Meta Ireland fined €390m for GDPR breaches

The fines follow inquiries into two complaints made on 25th May 2018 about Facebook and Instagram services, with the first made by an Austrian data subject relating to Facebook and the second from Belgium and referring to Instagram.

Meta Ireland had changed its terms of service prior to that date, changing the legal basis for processing personal data from the consent of users to processing their personal data to deliver Facebook’s and Instagram’s services to a ‘contract’ legal basis for most processing operations.

Users were informed that they had to accept the terms of service to continue using Facebook and Instagram following the introduction of the GDPR.

However, the complainants in the two cases brought before the DPC argued that Meta Ireland was still looking to rely on consent to provide a lawful basis for its processing of users’ data.

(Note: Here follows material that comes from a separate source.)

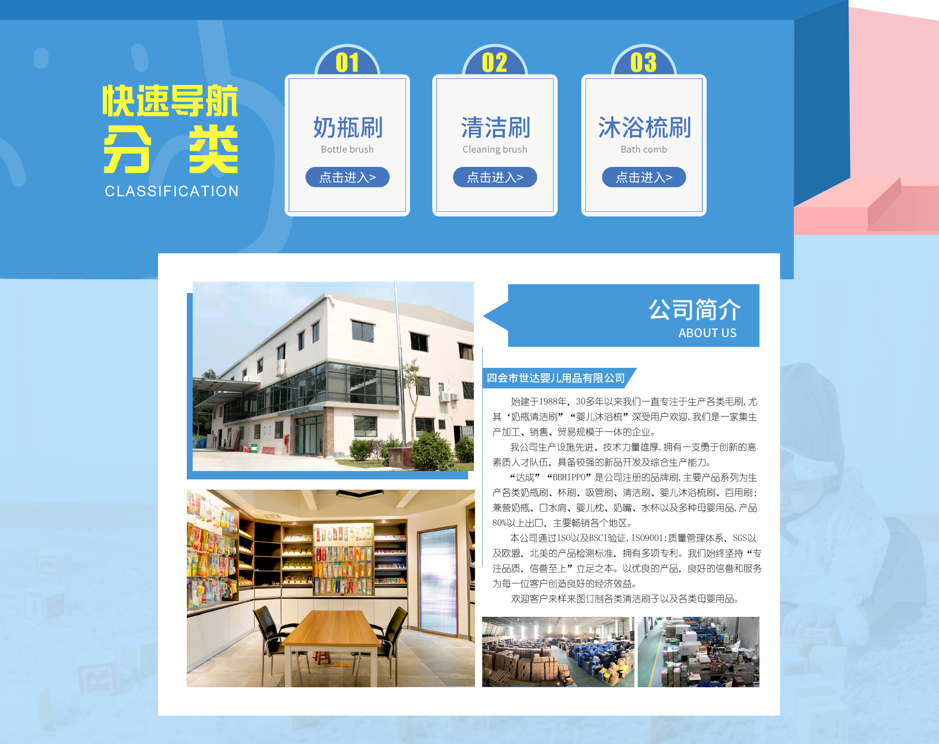 四會市世達(dá)制刷有限公司,始建于1988年,是-家30年專業(yè)生產(chǎn)各類毛刷、經(jīng)驗(yàn)豐富、集生產(chǎn)加工、銷售、貿(mào)易規(guī)模于一體的企業(yè),以主產(chǎn)奶瓶毛刷"深受用戶歡迎。

Meta has rejected the claims that its approaches to data processing contravene GDPR, and has said it intends to appeal the ruling and fine issued by the DPC.

The DPC determined that the legal basis relied on by Meta was not clearly outline to users, which meant that there was “insufficient clarity” on how personal data was being processed and therefore contravened the GDPR.

Therefore, the DPC decided that Meta Ireland was not entitled to rely on a contract legal basis in the delivery of behavioural advertising as part of its Facebook and Instagram services.

That decision meant that the processing of users’ data, in purported reliance on the contract legal basis, contravened Article 6 of the GDPR.

The DPC decided to fine Meta Ireland €210m for breaches of the GDPR relating to Facebook and €180m for breaches involving Instagram.

Meta Ireland was also ordered to ensure its data processing operations were GDPR compliant within three months.

The DPC will also take on a fresh investigation into all of Facebook and Instagram’s data processing and examining special categories of personal data that may or may not be processed in the context of those operations.

The decision follows a recent case in the US where Meta decided to settle a $750m lawsuit related to the Cambridge Analytica scandal.

Meta said in a statement posted online: “We strongly believe our approach respects GDPR, and we’re therefore disappointed by these decisions and intend to appeal both the substance of the rulings and the fines. 

“There has also been inaccurate speculation and misreporting on what these decisions mean. We want to reassure users and businesses that they can continue to benefit from personalised advertising across the EU through Meta’s platforms.”

Meta said there was a lack of regulatory clarity on this issue, with the debate about which legal base to use for data processing currently being discussed in EU courts, and added that it believed it fully complied with GDPR by relying on contractual necessity for behavioural adverts. 

The statement from Meta added: “Given that regulators themselves disagreed with each other on this issue up until the final stage of these processes in December, it is hard to understand how we can be criticised for the approach we have taken to date, and therefore we also plan to challenge the size of the fines imposed.”